## WHAT YOU WILL DO
Go to the line below containing "Piacevole la tonalità" and print exactly from there through the line containing "- 가죽 배색 카라 디테일", both included. Print nothing else.

## EXTRACTED ENTRIES

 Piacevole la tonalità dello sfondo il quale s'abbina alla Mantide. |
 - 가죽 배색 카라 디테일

--

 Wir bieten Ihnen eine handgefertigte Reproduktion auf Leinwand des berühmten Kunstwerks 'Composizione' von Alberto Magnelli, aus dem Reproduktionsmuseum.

## TASK OUTPUT
 Piacevole la tonalità dello sfondo il quale s'abbina alla Mantide. |
 - 가죽 배색 카라 디테일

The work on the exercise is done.